Aberdeen Japan Investment Trust PLC posts NAV total return of 10.1%

Aberdeen Japan Investment Trust PLC posts NAV total return of 10.1%

The Aberdeen Japan Investment Trust PLC, a fund managed by abrdn, has posted Net Asset Value (NAV) total return of 10.1% in the six months to 30 September 2021 outperforming the Topix benchmark which returned 6.4% over the same time period.

In the six month period, the trust’s share price total return stood at 12.1%.

A final dividend of 9.0p per Ordinary share in respect of the year ended 31 March 2021 was paid to shareholders on 23 July 2021, making a total dividend for the year of 15.0p (2020 – 15.0p).

An interim dividend has been declared of 6.0p for the year ending 31 March 2022 (2021 – 6.0p) which will be paid to shareholders on 30 December 2021.

The company’s longer-term relative performance remains strong, with NAV returns of 32.8% and 63.5% over 3 and 5 years, respectively, compared with benchmark returns of 18.0% and 50.2%.

At the same time, the company’s Ordinary share price ended the period at 805.0p, up 77.5p on 31 March 2021. The total return for the period was 12.1% with dividends reinvested.

However, the discount to NAV per Ordinary share narrowed from 9.9% to 8.4% as at 30 September 2021.

Karen Brade, chairman, Aberdeen Japan Investment Trust PLC, said: “The six month period was overshadowed initially by concern in Japan over rising COVID 19 infection rates combined with a slow roll out of the vaccination programme.

“Prime Minister Suga’s announcement that he would not run in the autumn election was welcomed by the market. Against this extraordinary backdrop the Company’s net asset value total return for the six month period to 30 September 2021 was 10.1%, outperforming the Topix benchmark’s 6.4% total return.

“Aberdeen Japan Investment Trust’s strategy of selecting well-run businesses with management that can adapt to the challenges of changing market conditions once again stood the Company in good stead. Portfolio companies with good pricing power and operational flexibility have seen improved corporate results. The approach to long-term, active investment and engagement continues to bear fruit.”

Commenting on the outlook, Kowk Chern-Yeh, co-manager of Aberdeen Japan Investment Trust, added: “Prospects for Japanese equities are looking up amid a global economic recovery. A ramp-up in the vaccination rate in Japan and the reopening of economies in North America and Europe should benefit Japanese corporates with local as well as overseas operations. We believe the portfolio is poised to reap the benefits of these developments and that valuations remain reasonable against the improving outlook of our portfolio as a whole.

“On the political front, the new prime minister is widely viewed as a centrist politician. During the presidential campaign, Kishida called for a ¥30 trillion stimulus package to revive the economy and vowed to reduce to zero the number of people without access to Covid-19 medical care. He has flagged income inequality as a problem and hopes raising wages could fuel growth. We do not expect major policy shifts as a result of the change in prime minister. The recent general election won by the LDP with a solid majority should provide a reasonable platform for Kishida.

“Economically, we remain cautiously optimistic. Bank of Japan Governor Kuroda has been positive on Japan’s economy, forecasting growth returning to pre-coronavirus levels by late 2021 or early 2022. Equally, businesses are upbeat about their prospects. The BoJ’s Tankan survey of large manufacturers, published just after the period end, showed sentiment at its highest level since 2018. Meanwhile, sentiment among large non-manufacturers also improved.”

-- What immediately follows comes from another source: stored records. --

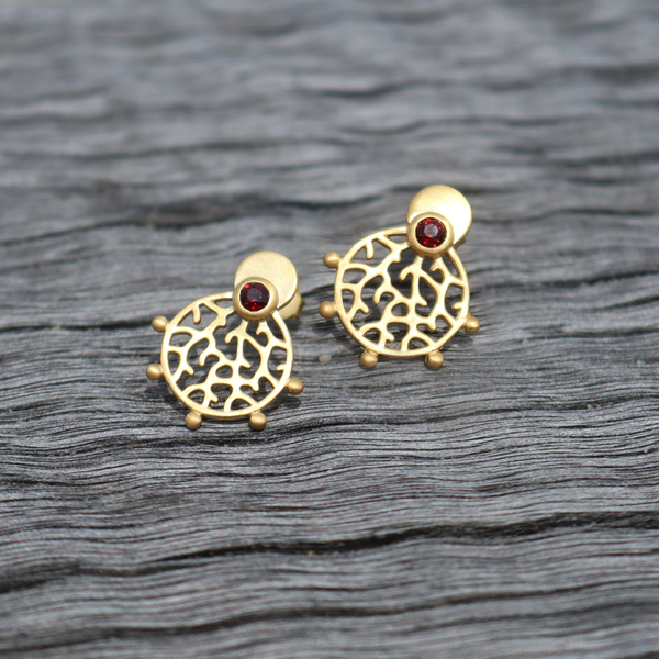 Our Roseni Stud Earrings have been named after the coral species Acropora Roseni and feature a compact round shape with branching coral patterns and a 3mm natural rich red garnet stone. Delicate metal balls decorate the boundary of the design. The ear studs have been crafted from sustainable recycled 925 sterling silver and 18K gold plated before being carefully hand bushed to an elegant matte surface finish.
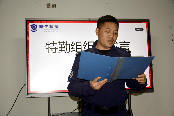 特勤组组长彭杰从一线视角发言,分享特勤队员在救援现场的坚守与付出,生动展现出曙光救援人英勇无畏、专业高效的硬核担当。
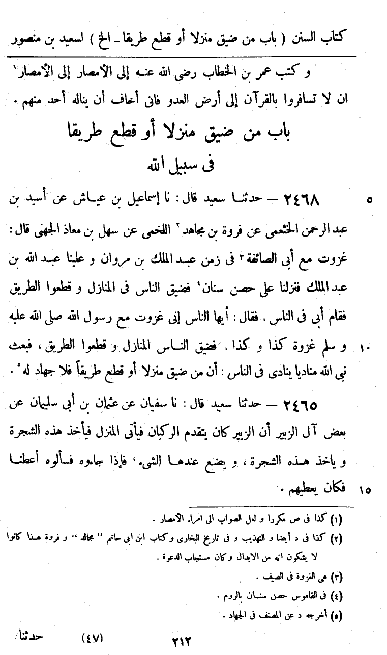 2468 - حَدَّثَنَا سَعِيدٌ قَالَ: نا إِسْمَاعِيلُ بْنُ عَيَّاشٍ، عَنْ أُسَيْدِ بْنِ عَبْدِ الرَّحْمَنِ الْخَثْعَمِيِّ، عَنْ فَرْوَةَ بْنِ مُجَاهِدٍ اللَّخْمِيِّ، عَنْ سَهْلِ بْنِ مُعَاذٍ الْجُهَنِيِّ، قَالَ: غَزَوْتُ مَعَ أَبِي الصَّائِفَةِ فِي زَمَنِ عَبْدِ الْمَلِكِ بْنِ مَرْوَانَ وَعَلَيْنَا عَبْدُ اللَّهِ بْنُ عَبْدِ الْمَلِكِ، فَنَزَلْنَا عَلَى حِصْنِ سِنَانٍ، فَضَيَّقَ النَّاسُ فِي الْمَنَازِلِ، وَقَطَعُوا الطَّرِيقَ، فَقَامَ أَبِي فِي النَّاسِ، فَقَالَ: أَيُّهَا النَّاسُ، إِنِّي غَزَوْتُ مَعَ رَسُولِ اللَّهِ صَلَّى اللهُ عَلَيْهِ وَسَلَّمَ غَزْوَةَ كَذَا وَكَذَا، فَضَيَّقَ النَّاسُ الْمَنَازِلَ، وَقَطَعُوا الطَّرِيقَ، فَبَعَثَ نَبِيُّ اللَّهِ مُنَادِيًا يُنَادِي فِي النَّاسِ: «أَنَّ §مَنْ ضَيَّقَ مَنْزِلًا أَوْ قَطَعَ طَرِيقًا فَلَا جِهَادَ لَهُ»
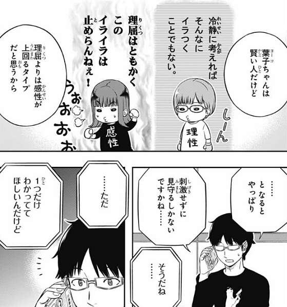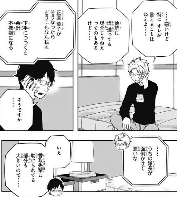 次に三雲は若村に電話をかけますが、若村はため息をしつつも、特にオレに言えることはねえよ……、と三雲に答えるのみでした。香取がそうなったら正直どうにもならない、下手につつくと余計に不機嫌になる、と若村は言い、うちの隊長が面倒かけて悪い、と三雲に謝ります。三雲はヒュースの事を気にしますが、うちの順位が低いのは別にヒュースがトラブってるとかじゃねーから安心してくれ、と若村に言われ、三雲はホッとします。
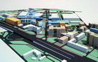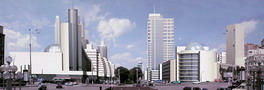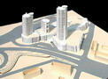 Однако, исходя из того, что жилье, расположенное возле оживленной магистрали, не сможет считаться престижным и комфортным, проектом предполагается строительство вдоль дороги ряда зданий с общественными функциями, в том числе 30-этажного офисного центра, который должен стать доминантой.
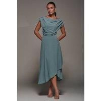 Sophisticated and elegant, the Textured Jersey Asymmetric Midi Dress by Jolie Moi will make you feel your best, with its floaty silhouette and unique pleated neckline, which can be worn in multiple ways, whether that be off the shoulder or as a more cowl neck style. Its asymmetric wrap hem adds an element of fun to this stylish piece, whilst the length keeps in classy. The textured fabric would make this dress the perfect evening piece, whilst also being comfortable. This over the head style is also fully lined with the softest jersey material for added comfort, so you can dance the night away. | Jolie Moi Women's Textured Jersey Aymmetric Midi Dress in Aqua | Size: 8 - Manufacturers part number: Jolie Moi_5053319542155
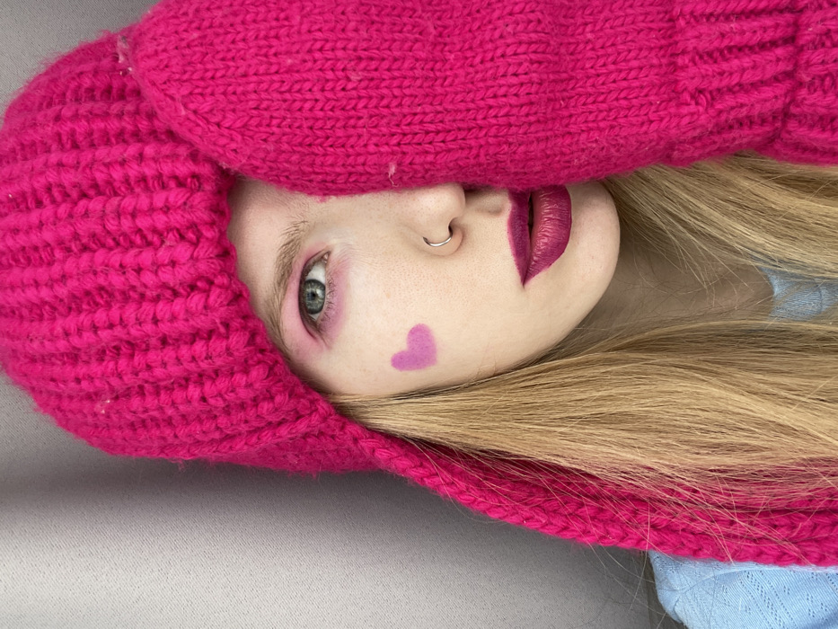 A close-up portrait features an individual, likely female, with fair skin, light blonde hair, and visible makeup. The left side of the face is prominent, showcasing a light blue eye with applied pink eyeshadow. A small, light purple heart shape is present on the left cheekbone, and a silver hoop nose ring pierces the left nostril. The lips are colored with deep magenta lipstick. The subject is wearing a bright, fuchsia pink knitted beanie with ear flaps, and a matching fuchsia pink knitted item, possibly a mitten, obscures the right side of their face. A light blue, textured garment is visible on the subject's left shoulder. The background is a plain, light grey, textured surface, indicating an indoor environment. The image contains no visual information to determine its specific location within the city of Izhevsk, Russia.

He concluded: “Businesses that have delayed expansion plans are making up for lost time, resulting in a broad-based pick-up in corporate capital expenditure; there is pent-up demand, not only from last year’s business disruption, but also from geopolitical uncertainty the year before. There are, however, risks: global inflation, a slowing Chinese economy and a more hawkish interest rate policy from the US Federal Reserve could all spill over and impact Japanese corporate activity.

“From an investment perspective, our continued focus on well-run businesses that are leaders in their segments and that are linked to longer-term structural changes in society, and our diligence in carrying out proprietary research has, to date, yielded success. The results of many of the underlying companies held in the portfolio underpin our investment choices, which should position the Company well for a recovering global economy.”